**What needs to be done:**
Output nothing but the lines from the beginning of the listing below through the line containing "男性向けラノベタイトル風あだ名 | 『ヨシエリクトアートオンライン』 |", exactly as they stand, without pictures.

**Data excerpt:**

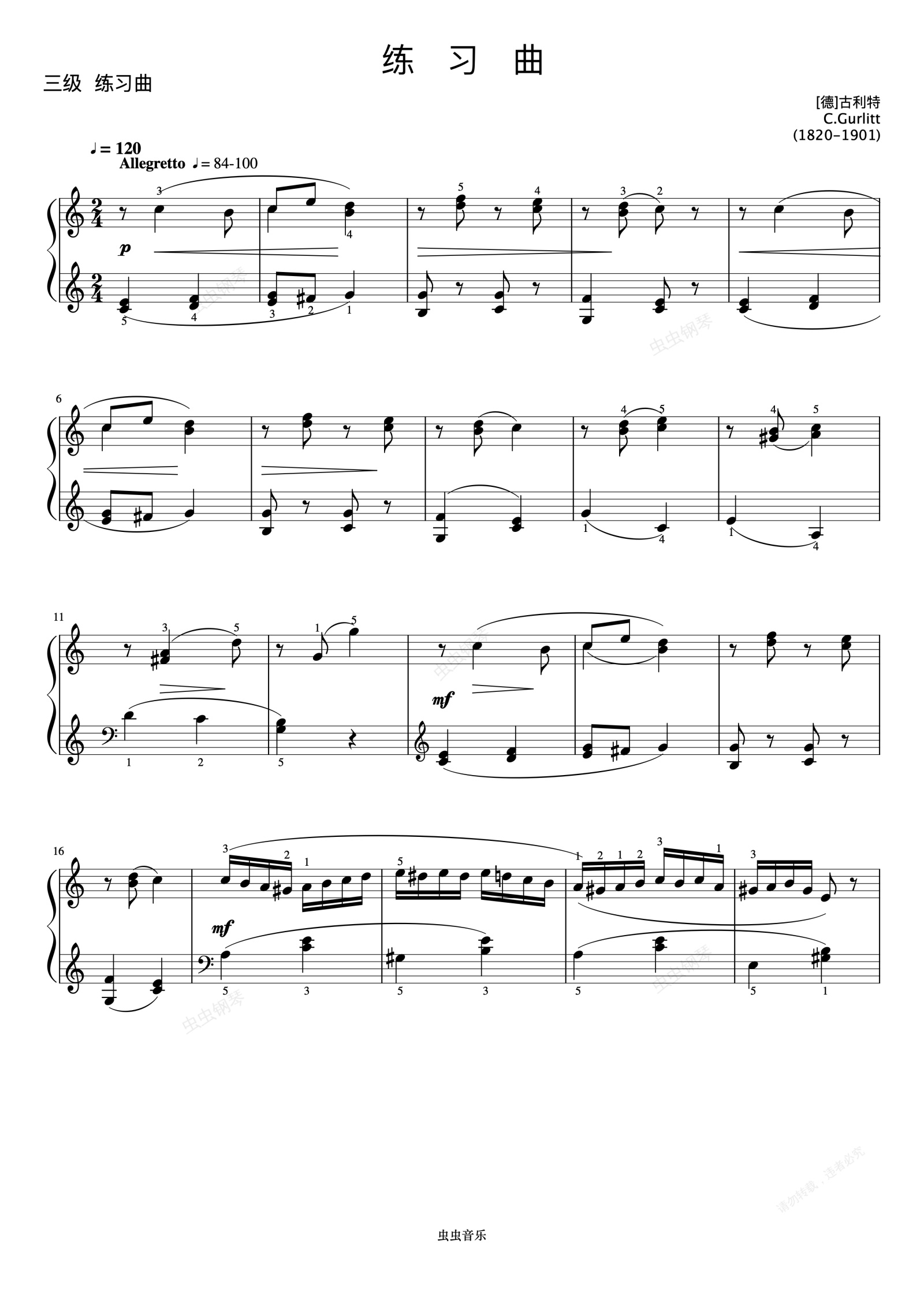 钢琴谱: 练习曲《 ZYY 钢琴考级曲目 1》
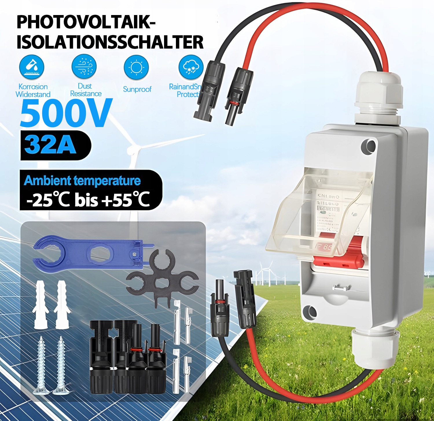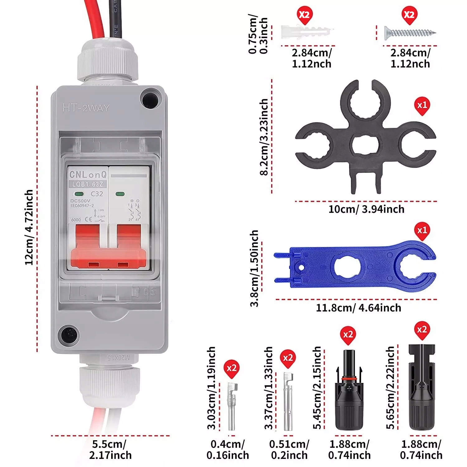 Основна функція: При встановленні фотоелектричної системи, заміну або обслуговування інвертора, перемикач постійного струму може швидко переривати струм між інвертором та панеллю акумулятора, переривати арку, що генерується прямим струмом, ізоляції навантаження до 8 разів більша за струм, що має рейтинг, тому вона ідеально підходить для ізоляції двигуна. Перемикач ізоляції постійного струму оснащений двома чоловіками та двома жіночими з'єднувачами MC-4. Це дозволяє швидше та безпечніше встановити штекер, заощаджуючи свій час. захист.
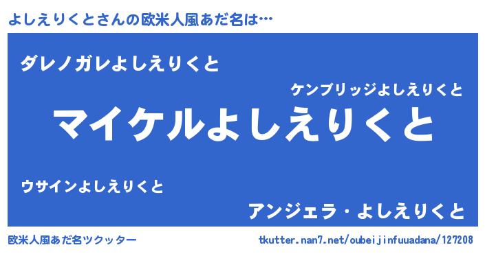 | 男性向けラノベタイトル風あだ名 | 『ヨシエリクトアートオンライン』 |
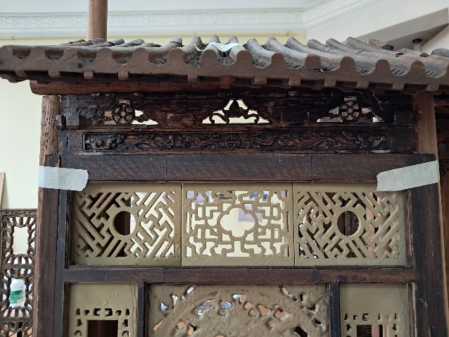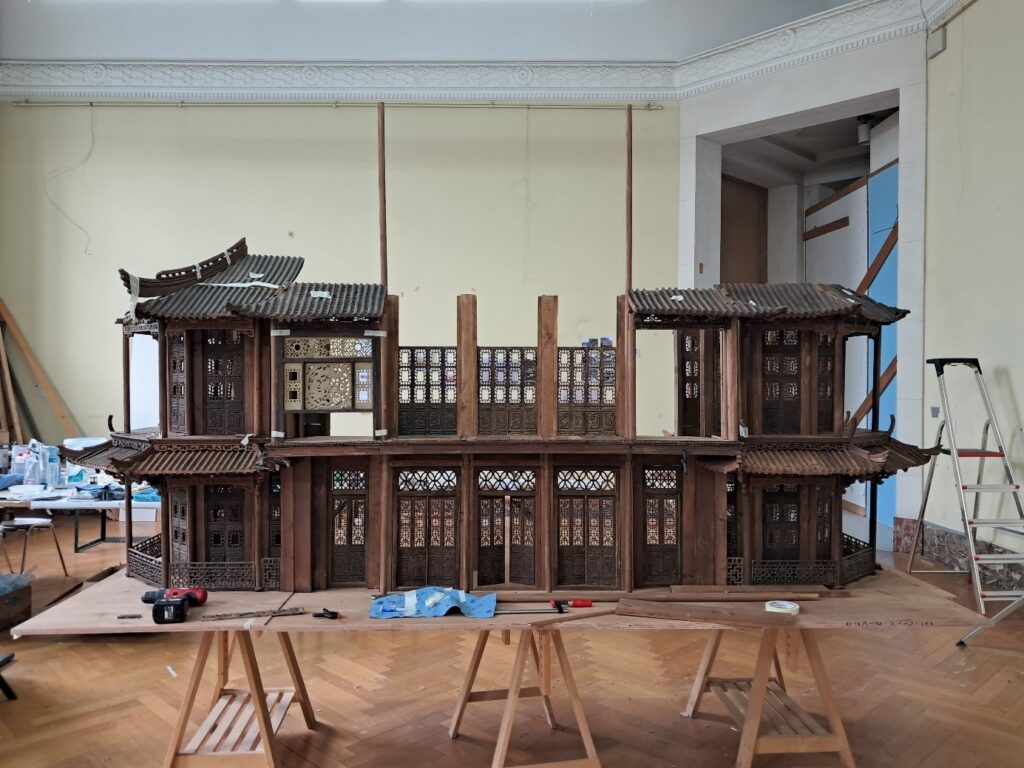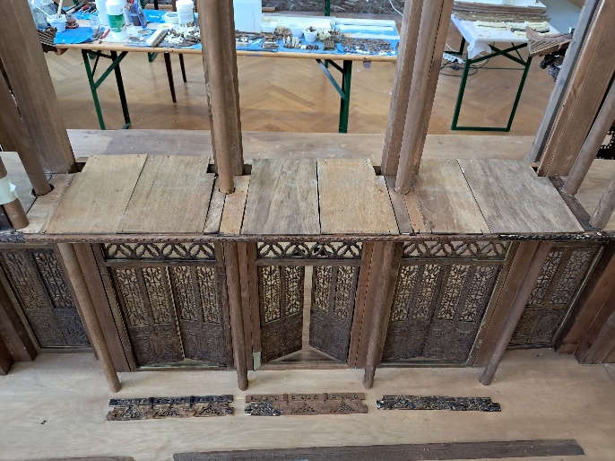 Nous moulons, ajustons, teintons et accrochons les frises de façade de la loggia ; nous plaçons provisoirement les toits des loggias.

**Problem solution:**
 钢琴谱: 练习曲《 ZYY 钢琴考级曲目 1》
 Основна функція: При встановленні фотоелектричної системи, заміну або обслуговування інвертора, перемикач постійного струму може швидко переривати струм між інвертором та панеллю акумулятора, переривати арку, що генерується прямим струмом, ізоляції навантаження до 8 разів більша за струм, що має рейтинг, тому вона ідеально підходить для ізоляції двигуна. Перемикач ізоляції постійного струму оснащений двома чоловіками та двома жіночими з'єднувачами MC-4. Це дозволяє швидше та безпечніше встановити штекер, заощаджуючи свій час. захист.
 | 男性向けラノベタイトル風あだ名 | 『ヨシエリクトアートオンライン』 |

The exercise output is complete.